So here I'll describe my design for a next-generation supercomputer.  The machine I describe is for the future, a time where these contemporary HPC applications fade into obscurity (and are perhaps recognized as mistakes).  What applications will this new machine be for?  I'm not sure, but likely the kinds of applications needed to rebuild failed nations and collapsed ecosystems.

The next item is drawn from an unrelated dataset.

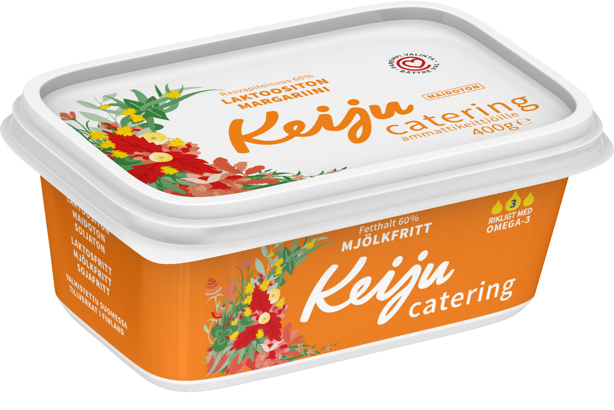 VegaaninenKeiju Catering Margariini 60 400 g on maidoton ja laktoositon maukas yleislevite joka sopii hyvin lähes kaikille ruokavalioille. Tuote on rasvahappokoostumukseltaan ravitsemussuositusten mukainen ja kokonaan kasvipohjainen, ja sopii siksi hienosti myös vegaaniseen ruokavalioon. Sopii erinomaisesti levitteeksi, mutta myös kaikenlaiseen ruoanlaittoon sekä leivontaan. Valmistettu Suomessa.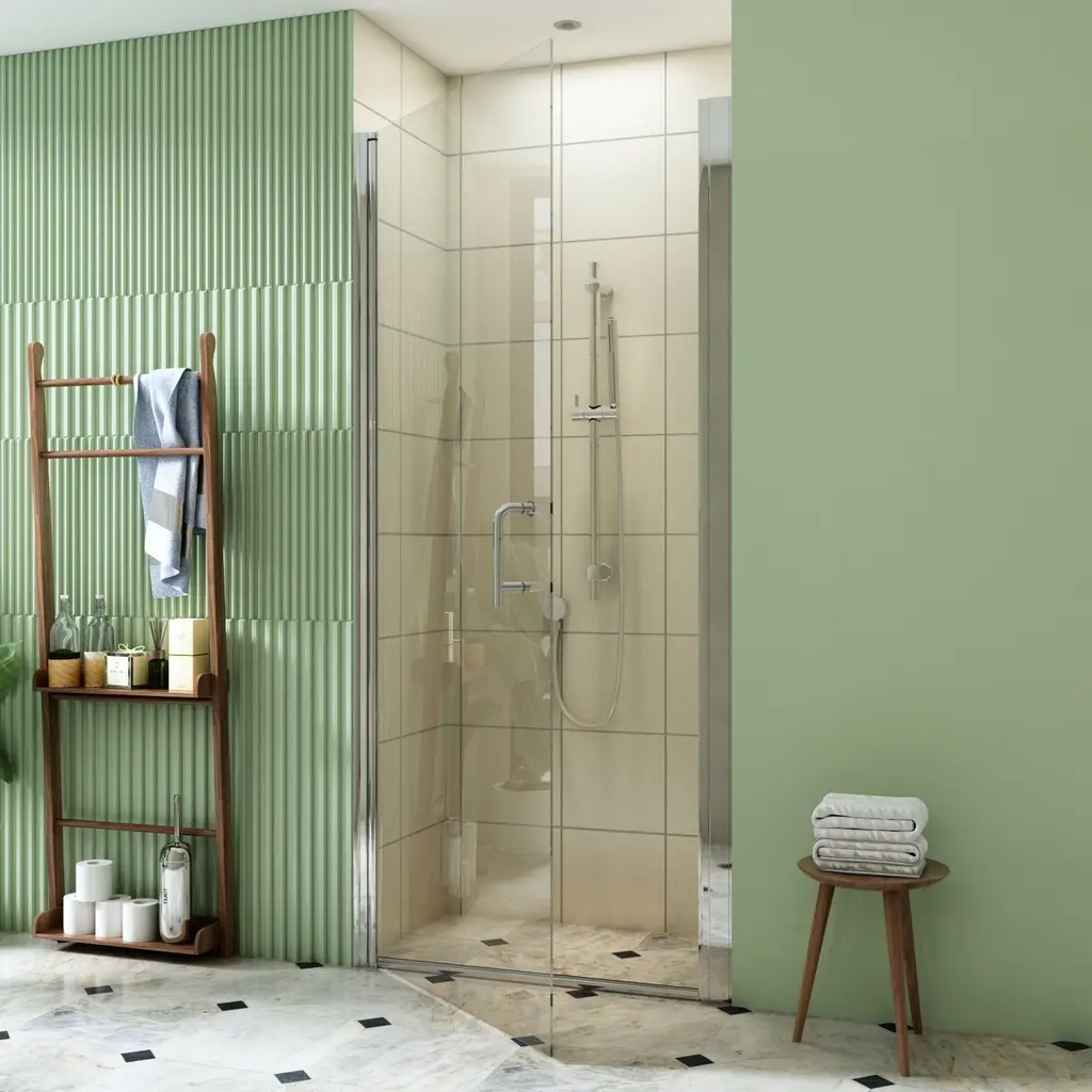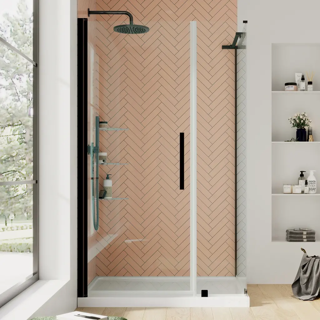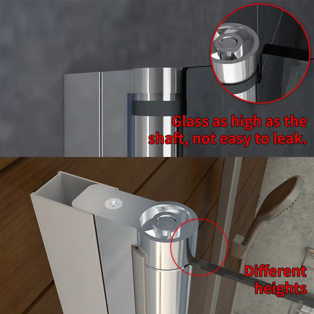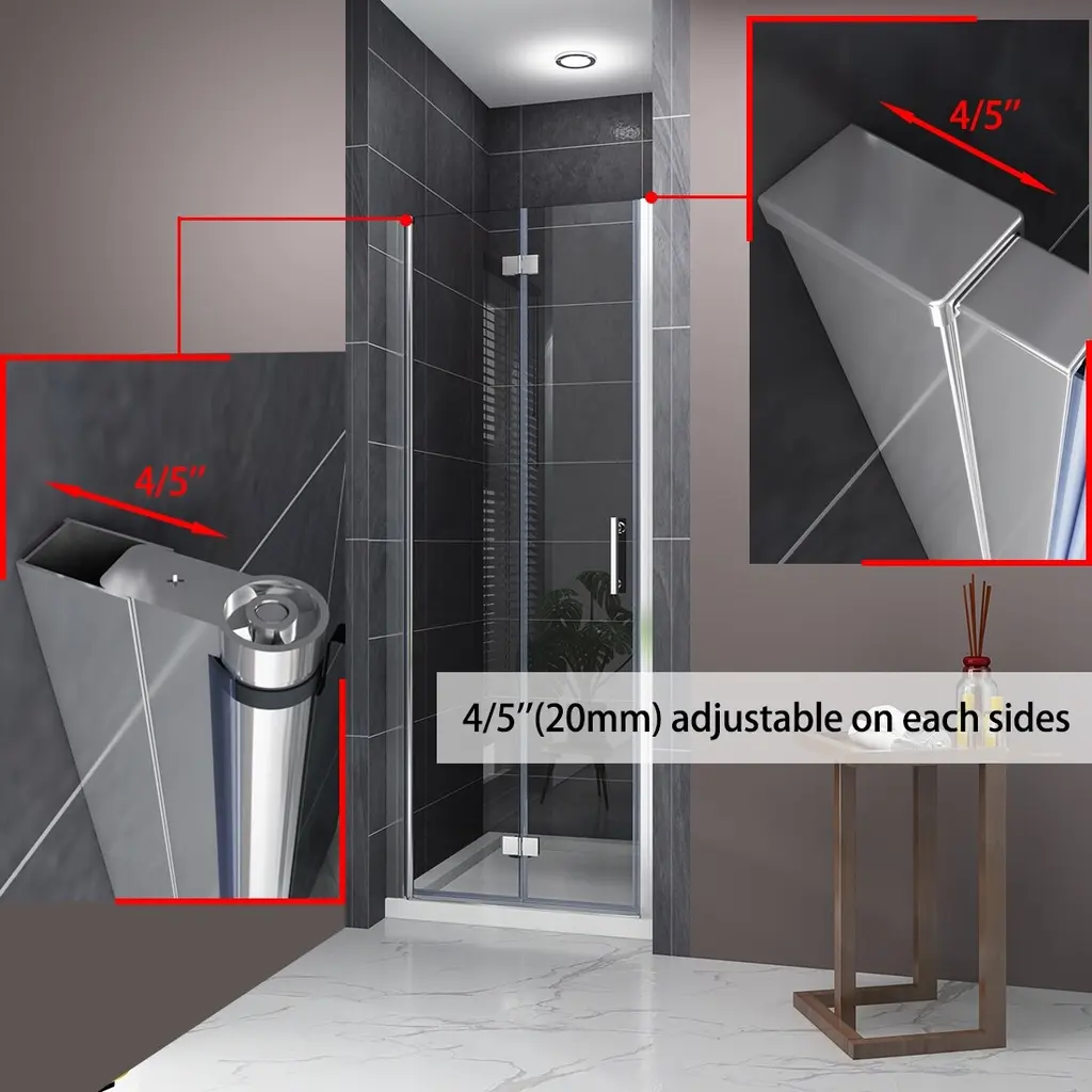 Elegant Bi-Fold Frameless Pivot Swing Shower Door Enclosure boasts a sleek and modern design that is both stylish and functional. Made with 1/4-inch clear certified tempered glass, this door is adjustable on each side to fit any bathroom layout. The chrome finish or matte options offer a trendy look, while the vinyl magnetic shower door seals strips provide a waterproof guarantee. The high-quality chrome hinges are flexible and can rotate 180° for added convenience. Plus, the overlapping design saves space when fully open. Choose from four different sizes and two color options to customize your bathroom. Professional installation is recommended. Features:

Dynamic Application-Specific Logic (DASL)
Most, if not all computers you're familiar with use one more more general-purpose CPU.  These processors work by executing a fixed number of instructions encoded in logic and microcode inside the processor.  Lists of these instructions are read from memory, decoded and applied to data stored in other areas of memory.  The number of instructions the processor has available is fixed at the time it is designed, so they tend to be fairly generic (compared to the wide-range of things people do with computers), so any software running on these computers has to go through a number of translations to fit within this limited set of commands.  This is a very clever way to solve the problem of using one processor design to run an endless number of applications (thanks Turing!), but from a performance perspective it's not ideal.

So for demanding applications specialized processors have been designed to more closely fit the application.  A common example is the GPU, used to make graphics-intensive applications like video games and other graphically-oriented software faster.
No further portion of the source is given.